Making the all-time family favorite Singapore Chicken that has become the most requested thing that I cook, and my trade-mark dish. Family and friends visiting for the holidays so more reason to make everyone’s favorite dish and covert some virgins.
Chicken poached in a chicken broth loaded with garlic and ginger, then shredded. Basmati rice boiled in the same chicken broth with loads of added garlic, ginger and onion. Then served with the broth, Togarashe sauce and Chinese 5 Spice salt, some spring onions and for those who don’t have the gene, fresh coriander. Such a rollercoaster of flavour from the base of the broth, the tenderness of the chicken, the rice when it’s cooked just right, and the spiciness of the sauce and the 5-spice salt.

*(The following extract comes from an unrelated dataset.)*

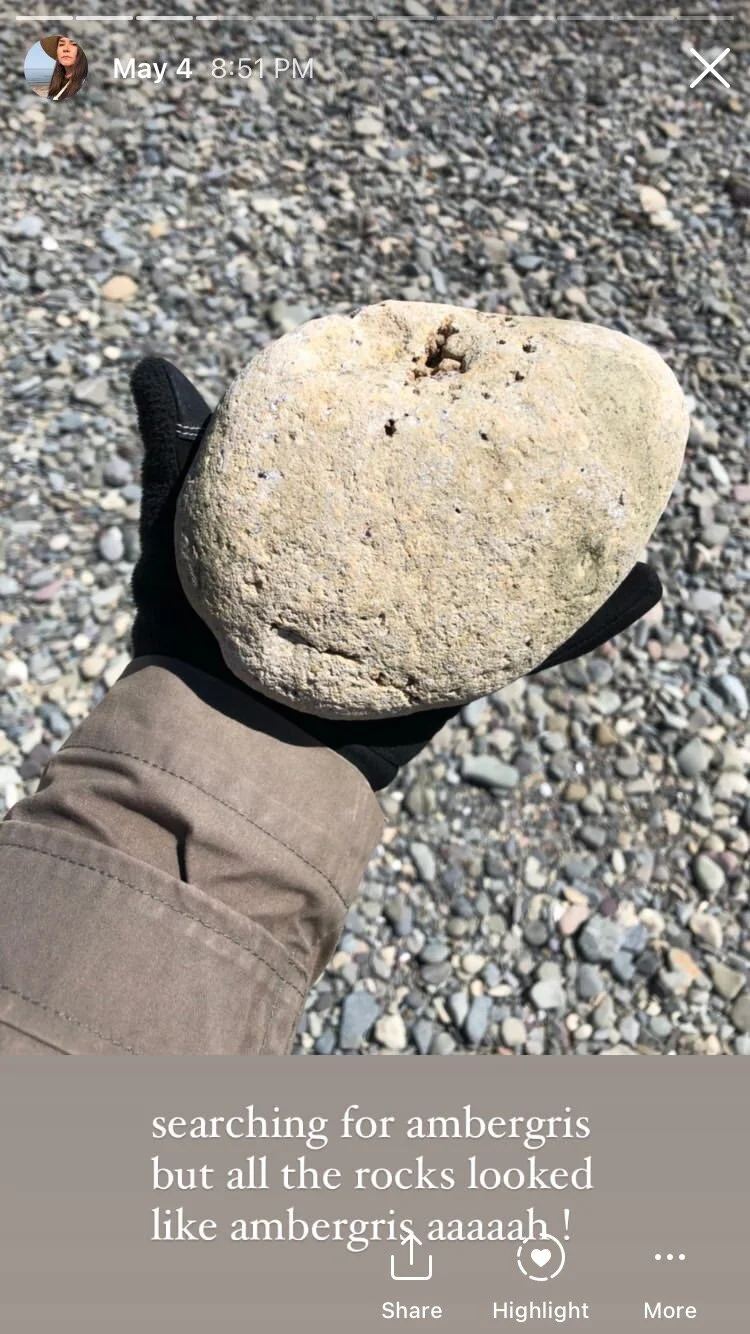 Ma première réaction fut de l’embrasser de tout mon corps, de me lover dans le creux des os érodés par la mer, de le toucher et de le sentir. Je me trouvais privilégiée d’avoir fait cette découverte. Je n’avais jamais touché à un os de baleine. Les quelques spécimens que j’avais vus dans le passé étaient dans des musées d’histoire naturelle où, bien entendu, il est interdit de toucher.

With this one I served a Bellevue Wine Estate 2020 Malbec which went perfectly with the strong and aromatic flavours. I chose a Malbec because it’s Rhein’s favorite varietal, but the one he pointed out on my rack as his best of alll time wasn’t a latch on the Bellevue. It’s velvety smooth and hits the delicate point between tart and frikkin’ fabulous so perfectly. Among my favorite Malbecs.
Oh, and of course there’s the actual cooking which was carried by one of my other favorites, Oldenburg Wine Estate Chardonnay 2021, one of the most well rounded Chardonnays I’ve encountered, and the perfect cooking companion. What else do you do while you’re waiting for things to boil but delve deep into that mildly wooded butterscotch perfection. Thanks Nic – you rock! I may need to order another case before the holiday is over, especially if anyone places an order for a reprise.
Btw, Liam Tomlin’s chefs warehouse and cookery school – at some point I’m going to have to thank you in person for helping to make me so popular in my kitchen. Can’t take all the credit, it’s your recipe, man.
Okay, back to the kitchen now to replenish the chicken stock for the freezer and the Togarashe sauce. Annie will forgive me for using every utensil and pot once again.